After Hegemony: Cooperation and Discord in the World Political Economy

After Hegemony: Cooperation and Discord in the World Political Economy

After Hegemony: Cooperation and Discord in the World Political Economy

After Hegemony: Cooperation and Discord in the World Political Economy

Synopsis

This book is a comprehensive study of cooperation among the advanced capitalist countries. Can cooperation persist without the dominance of a single power, such as the United States after World War II? To answer this pressing question, Robert Keohane analyzes the institutions, or "international regimes," through which cooperation has taken place in the world political economy and describes the evolution of these regimes as American hegemony has eroded. Refuting the idea that the decline of hegemony makes cooperation impossible, he views international regimes not as weak substitutes for world government but as devices for facilitating decentralized cooperation among egoistic actors. In the preface the author addresses the issue of cooperation after the end of the Soviet empire and with the renewed dominance of the United States, in security matters, as well as recent scholarship on cooperation.

Excerpt

In its genesis and support, this is an old-fashioned book. It is essentially the work of an individual scholar, unaided by a research team or largescale funding. Nevertheless, I have accumulated a number of institutional debts of gratitude during the seven years of research and writing. I benefited, during the early stages of reflection and reading, from being a Fellow of the Center for Advanced Study in the Behavioral Sciences during 1977–78, under a grant from the German Marshall Fund of the United States. Most of the research was done while I was teaching at Stanford University until the spring of 1981 and at Brandeis University since then. Stanford helped me to finance research assistance and a trip to the International Energy Agency in Paris in 1981. The Mazur Fund for Faculty Research at Brandeis supplied funds for photocopying the manuscript and circulating it to colleagues. Thanks to a sabbatical leave generously provided by Brandeis University for the academic year 1983–84, I was able to devote myself wholeheartedly, between June 1983 and January 1984, to preparing the final manuscript. Wellesley College permitted me to use its convenient and wellorganized library and to take advantage of its computer system for word-processing, which greatly expedited my work. Staff members of both the library and the computer center were most helpful. For all of this support I am most grateful.

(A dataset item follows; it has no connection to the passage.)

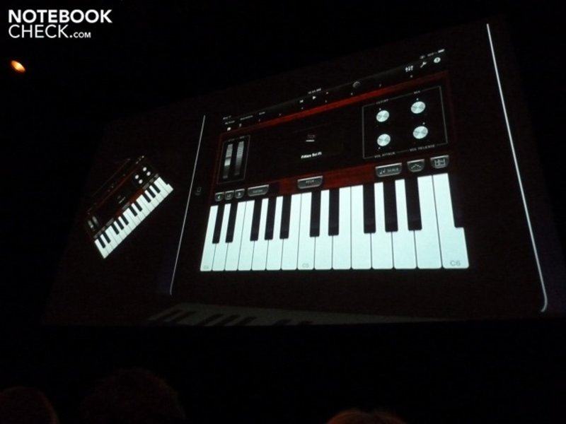 - zweite App: "Garage Band" für iPad, ermöglicht das virtuelle Spielen zahlreicher Instrumente am iPad, Synthesizer, Position als auch die Druckfestigkeit der einzelnen Finger wird beim Spielen registriert, Gitarre, Drums, Klavier uvm. möglich, auch der Anschluss eigener Instrumente wird möglich sein, Preis der Apps: 4.99 US-Dollar, ab 11. März im App-Store

The overall argument of this book has never appeared in print before, although “The demand for international regimes,” published in International Organization, Spring 1982, contains early versions of some of the core ideas of chapters 5–6. The theme of Part III—the complementarity of hegemony and cooperation in practice—is also first presented here, but some of the case material has been published before. Chapter 8 builds on “Hegemonic leadership and U.S. foreign economic policy in the ‘Long Decade’ of the 1950s,” published in William P. Avery and David P. Rapkin, eds., America in a Changing World Political Economy (New York: Longman, 1982). Chapter 9 is in part based on “The theory of hegemonic stability and changes in international economic regimes, 1967–1977.” Sections of this chapter that reproduce parts of the earlier article, in modified form, are reprinted by permission of Westview Press from Ole R. Holsti, Randolph M. Siverson, and Alexander L. George, eds., Change in the International System (copyright 1980 by Westview Press, Boulder, Colorado). Some of chapter 10 also appeared in “International agencies and the . . .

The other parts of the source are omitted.